Hannibal Lecter may have enjoyed a glass of chianti with human liver but he is unlikely to have appreciated the wine’s bouquet.

People who scored highly on psychopathic traits tended to struggle both to identify smells and tell the difference between them

Psychopaths can be recognised by their poor sense of smell, scientists have discovered.

The reason is that smell is processed by the front part of the brain.

Impaired function in this region has also been linked to psychopathic traits such as callousness, manipulation, sensation seeking and anti-social behaviour.

The forebrain is largely responsible for planning, impulse control and behaving in accordance with social norms.

Scientists studied 79 non-criminal adults, assessing their sense of smell and also measuring levels of psychopathy.

They found that people who scored highly on psychopathic traits tended to struggle both to identify smells and tell the difference between them.

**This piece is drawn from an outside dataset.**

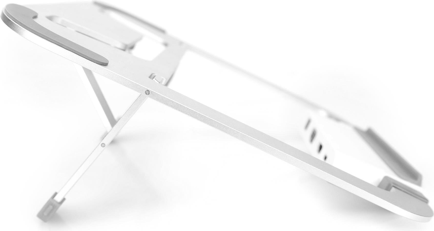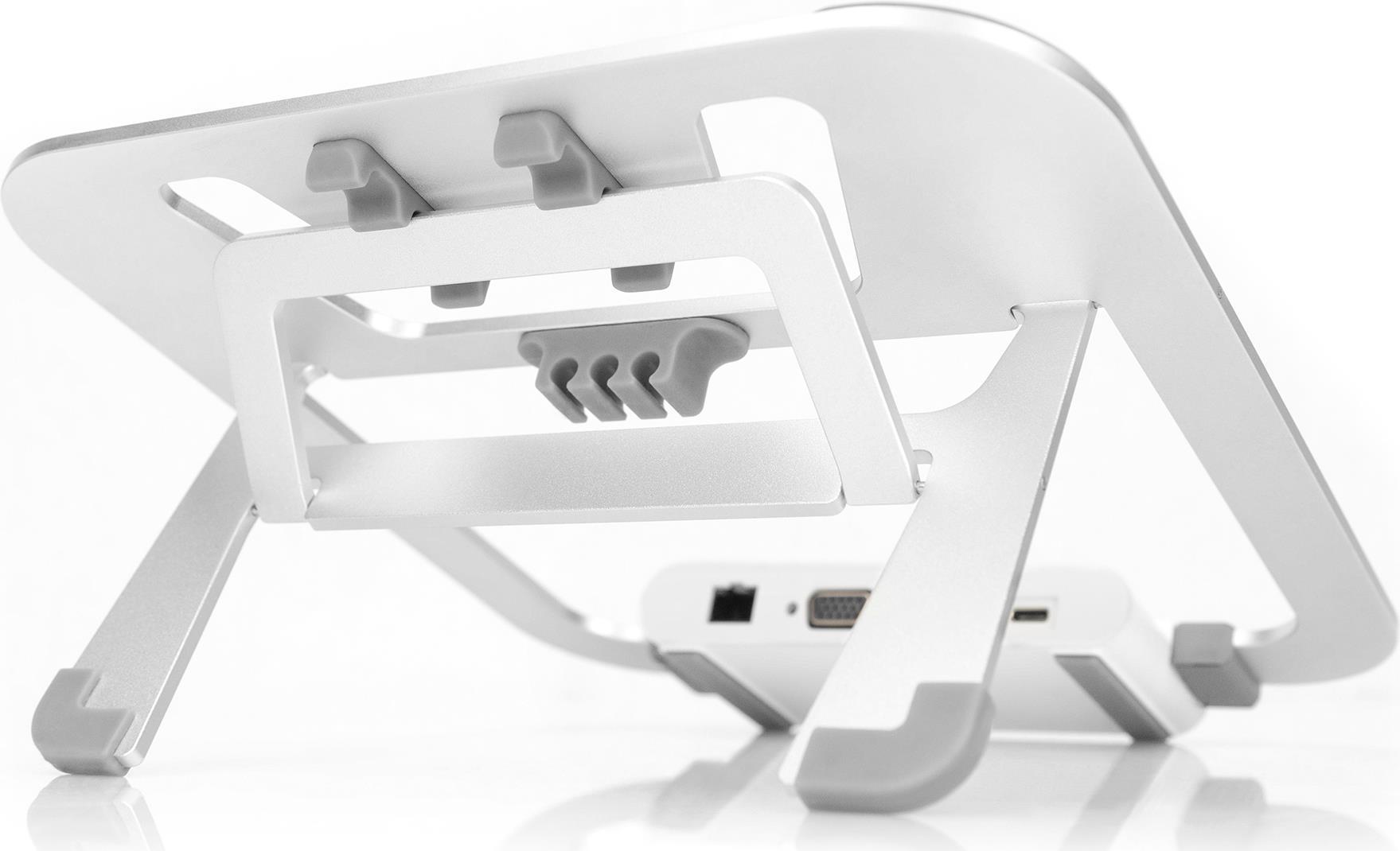 Notebook-Ständer mit integrierter Docking Station - vereint Ergonomie und Konnektivität zu einer portablen Lösung- Erweitert Ihr Notebook um 8 weitere Schnittstellen für Video, Daten, Power & Ethernet- Individuell an die Körpergröße anpassbar, 4 verschiedene Neigungswinkel einstellbar (15°-30°)- Platzsparendes und faltbares Design - ideal für Unterwegs, Home & Office- Geeignet für 10\"-15\" Notebooks- 2 x Videoanschlüsse: 1 x UHD 4K HDMI® Anschluss / 1 x Full HD VGA-Anschluss- 2 x USB-C™ Anschluss: 1 x Host für die Verbindung zum Notebook / 1 x PD 3.0 (Power Delivery) USB-C™ Anschluss für schnelles Laden Ihres Notebooks- 1 x RJ45 Gigabit Ethernet Schnittstelle - Verbindung des Notebooks mit dem Internet / LAN- 2 x USB 3.0 Anschlüsse (SuperSpeed, 5 Gbps) - Datenübertragung / Laden von Mobilgeräten (5 V / 0,9 A)- Schlankes Rahmendesign für optimale Kühlung des NotebooksDer verstellbare Notebooksständer von DIGITUS® kombiniert Ergonomie und Konnektivität zu einer praktischen Einheit. Spielend leicht können Sie den Neigungswinkel Ihrer Körpergröße in 4 Stufen anpassen. Über den USB-C™ Port lässt sich Ihr Notebook anschliessen, so haben Zugriff auf sämtliche Schnittstellen der integrierten Docking Station. An der Frontseite befinden sich ein vollfunktionsfähiger USB-C™ Port, zwei USB A Ports (USB 3.0) und ein Kartenleser für SD- und microSD-Karten. An der Rückseite lassen sich zwei Monitore anschliessen (HDMI + VGA), ein RJ45-Netzwerkkabel (LAN), sowie ein USB-C™ Netzteil, welches beispielsweise den Ladestrom (Power Delivery) für ein angeschlossenes Notebook liefern kann. Nutzen Sie die Vorteile von Ergonomie und Konnektivität in einer Einheit mit dem DIGITUS® Notebook-Ständer mit integrierter Docking Station.

Writing in the journal Chemosensory Perception, authors Mehmet Mahmut and Richard Stevenson, from Macquarie University in Australia, wrote: “Our findings provide support for the premise that deficits in the front part of the brain may be a characteristic of non-criminal psychopaths.

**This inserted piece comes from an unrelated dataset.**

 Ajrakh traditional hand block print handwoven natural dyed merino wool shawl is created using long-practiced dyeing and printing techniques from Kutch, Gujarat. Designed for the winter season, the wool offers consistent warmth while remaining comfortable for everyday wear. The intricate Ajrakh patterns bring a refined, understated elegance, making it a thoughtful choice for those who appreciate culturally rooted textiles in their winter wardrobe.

“Olfactory measures represent a potentially interesting marker for psychopathic traits, because performance expectancies are unclear in odour tests and may therefore be less susceptible to attempts to fake good or bad responses.”

Not all psychopaths are serial killers like Hannibal Lecter, played by Sir Anthony Hopkins in the 1991 movie The Silence of the Lambs.

In one scene in the film, Dr Lecter recalls eating the liver of one of his victims “with some fava beans and a nice chianti”.